=== Given material ===

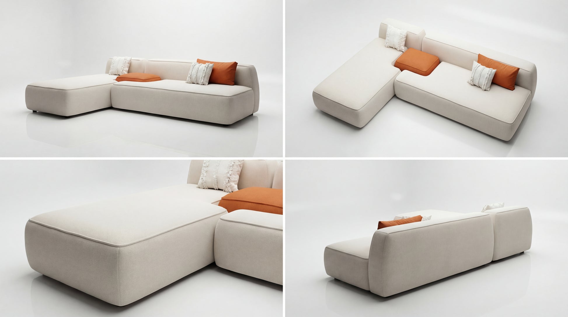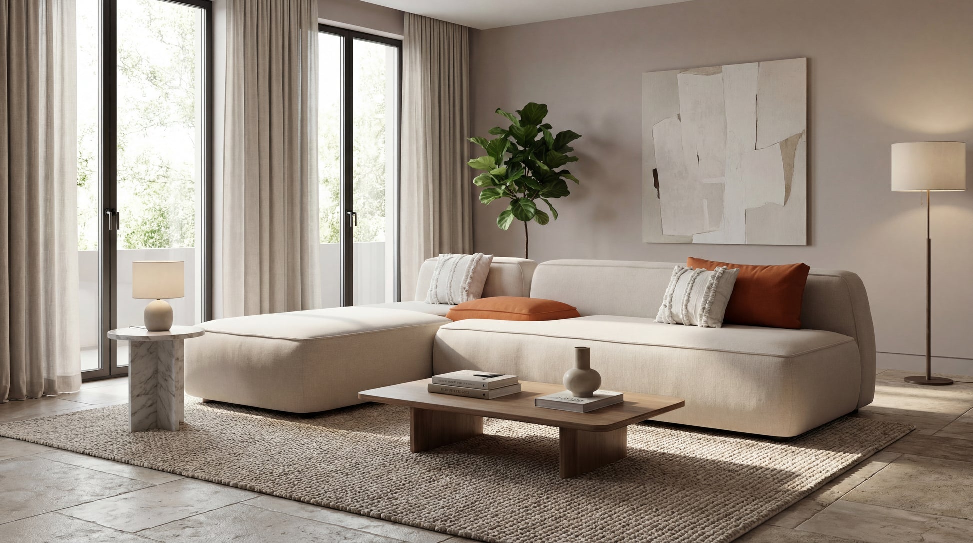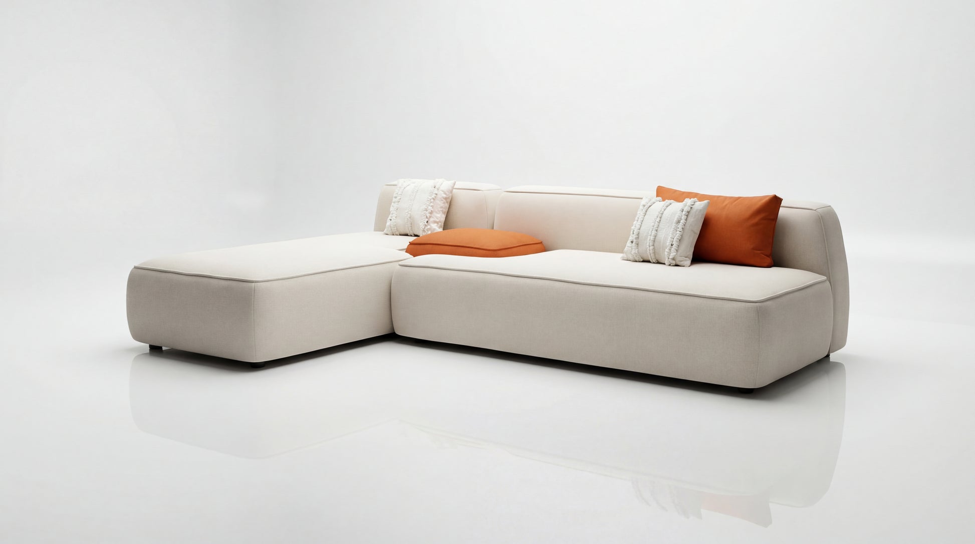 This L-shaped sofa is defined by quiet elegance and effortless practicality. With its clean, softened silhouette and generous lounge section, it creates a harmonious setting where comfort feels refined and the space stays calm, modern, and inviting—perfect for everyday living and relaxed hosting.
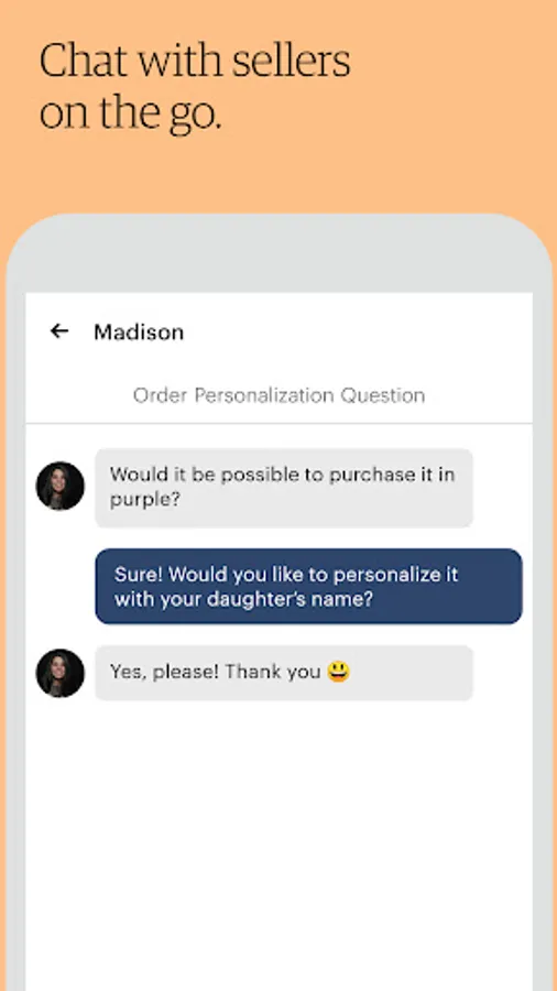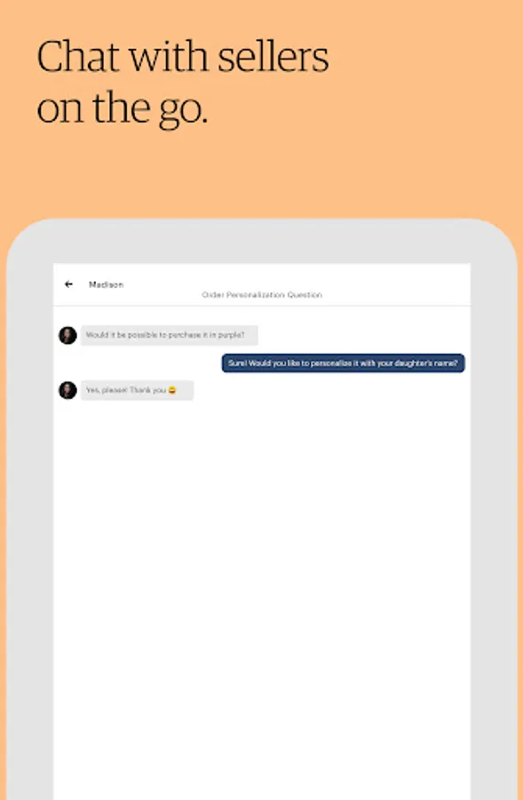 Whether you’re customizing an order, or curious about an item that you’d like to order, you can message our sellers directly in the app. Set up notifications, to ensure that you don’t miss a message!
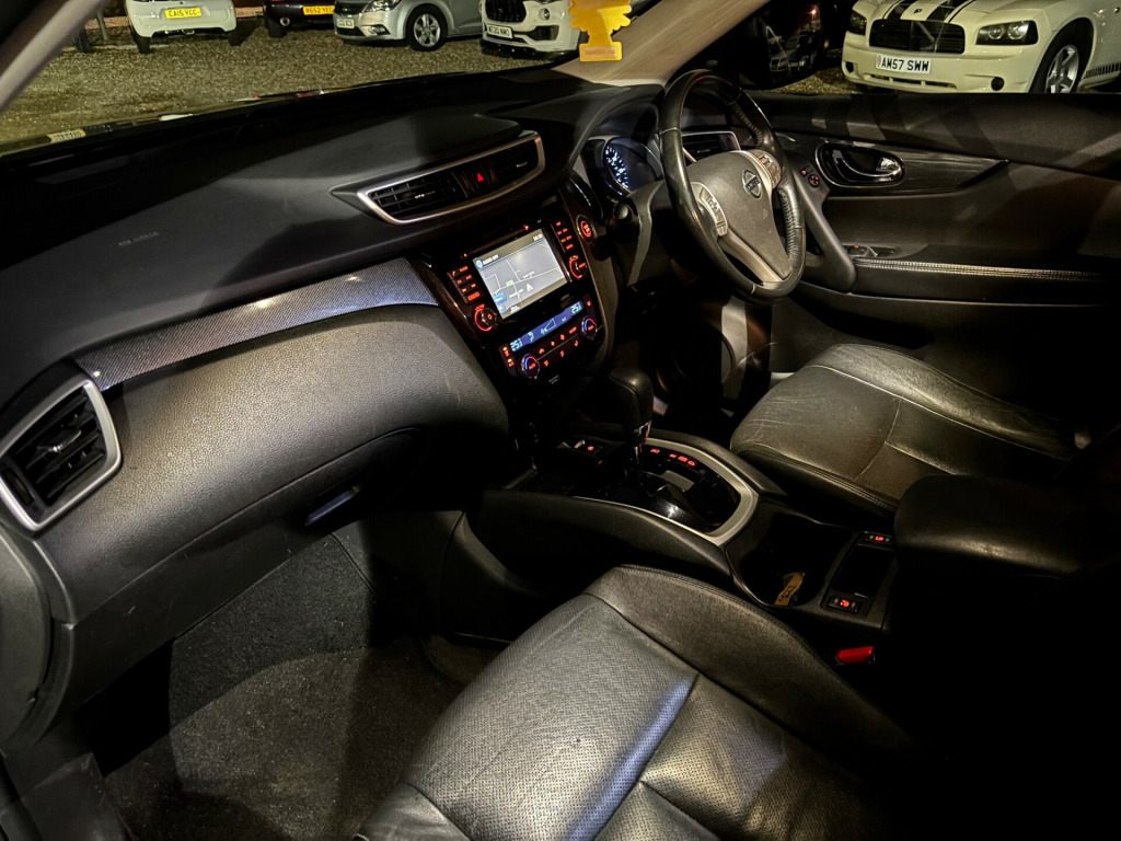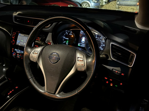 v socket, 6 speakers, bluetooth audio streaming compatibility, bluetooth with microphone, dab radio, display screen - colour tft 5in, radio - cd player, satellite navigation - nissan connect, touch screen 7in, usb - ipod connectivity, usb-aux socket input, 19in alloy wheels - machine cut, black honeycomb front grille, body coloured door mirrors, bumpers - body coloured, chrome fog light finishers, chrome window surrounds, door handles - chrome, door mirrors - integrated side turning lights, electric folding and heated door mirrors, electric tilt and slide panoramic sunroof, front and rear electric windows, rear privacy glass, roof rails - satin, space saver spare wheel, 60-40 split rear folding seats, armrest - rear, auto dimming rear view mirror, auto rain sensing wipers, climate control - dual zone, driver seat height adjustment, engine start button, front armrest, front dual cupholders, head restraints - 3 rear, head restraints - front, leather steering wheel, luggage board system, metallic grain interior inserts, one touch automatic opening power tailgate, pollen filter, seats - drivers electric adjustment, seats - drivers lumbar support, seats - heated front, seats - passengers electric adjustment, steering wheel mounted audio controls, tilt and telescopic adjustable steering wheel, abs - anti lock brakes, airbag - driver, airbag - front passenger, airbags - curtain, airbags - side, alarm, brake assist, ebd - electronic brakeforce distribution, esp - electronic stability programme, first aid kit, forward emergency braking, high visibility jackets, hill start assist, isofix child seat anchoring points for 2nd row, immobiliser, intelligent key, rear door child locks, remote central locking, reverse parking aid, safety kit, safety shield, smart vision pack, superlocking, traction control, warning triangle, e-pkb - electric parking brake, active engine brake, active ride control, active trace control, around view monitor - 360 bird-view, blind spot warning, cruise control with speed limiter, driver attention alert, intelligent park assist, lane departure warning, moving object detection, nissan chassis controls, parking sensor - front, power assisted steering, rear parking sensor, rear view camera, tpms - tyre pressure monitoring system, traffic sign recognition, trip computer, automatic headlights - dusk sensor, front fog lights, headlights - automatic levelling, headlights - bi-led, headlights - high beam assist, led daytime running lights

===

*Required action*. Reproduce the data above line for line, excluding every picture.

*Answer below*.
 This L-shaped sofa is defined by quiet elegance and effortless practicality. With its clean, softened silhouette and generous lounge section, it creates a harmonious setting where comfort feels refined and the space stays calm, modern, and inviting—perfect for everyday living and relaxed hosting.
 Whether you’re customizing an order, or curious about an item that you’d like to order, you can message our sellers directly in the app. Set up notifications, to ensure that you don’t miss a message!
 v socket, 6 speakers, bluetooth audio streaming compatibility, bluetooth with microphone, dab radio, display screen - colour tft 5in, radio - cd player, satellite navigation - nissan connect, touch screen 7in, usb - ipod connectivity, usb-aux socket input, 19in alloy wheels - machine cut, black honeycomb front grille, body coloured door mirrors, bumpers - body coloured, chrome fog light finishers, chrome window surrounds, door handles - chrome, door mirrors - integrated side turning lights, electric folding and heated door mirrors, electric tilt and slide panoramic sunroof, front and rear electric windows, rear privacy glass, roof rails - satin, space saver spare wheel, 60-40 split rear folding seats, armrest - rear, auto dimming rear view mirror, auto rain sensing wipers, climate control - dual zone, driver seat height adjustment, engine start button, front armrest, front dual cupholders, head restraints - 3 rear, head restraints - front, leather steering wheel, luggage board system, metallic grain interior inserts, one touch automatic opening power tailgate, pollen filter, seats - drivers electric adjustment, seats - drivers lumbar support, seats - heated front, seats - passengers electric adjustment, steering wheel mounted audio controls, tilt and telescopic adjustable steering wheel, abs - anti lock brakes, airbag - driver, airbag - front passenger, airbags - curtain, airbags - side, alarm, brake assist, ebd - electronic brakeforce distribution, esp - electronic stability programme, first aid kit, forward emergency braking, high visibility jackets, hill start assist, isofix child seat anchoring points for 2nd row, immobiliser, intelligent key, rear door child locks, remote central locking, reverse parking aid, safety kit, safety shield, smart vision pack, superlocking, traction control, warning triangle, e-pkb - electric parking brake, active engine brake, active ride control, active trace control, around view monitor - 360 bird-view, blind spot warning, cruise control with speed limiter, driver attention alert, intelligent park assist, lane departure warning, moving object detection, nissan chassis controls, parking sensor - front, power assisted steering, rear parking sensor, rear view camera, tpms - tyre pressure monitoring system, traffic sign recognition, trip computer, automatic headlights - dusk sensor, front fog lights, headlights - automatic levelling, headlights - bi-led, headlights - high beam assist, led daytime running lights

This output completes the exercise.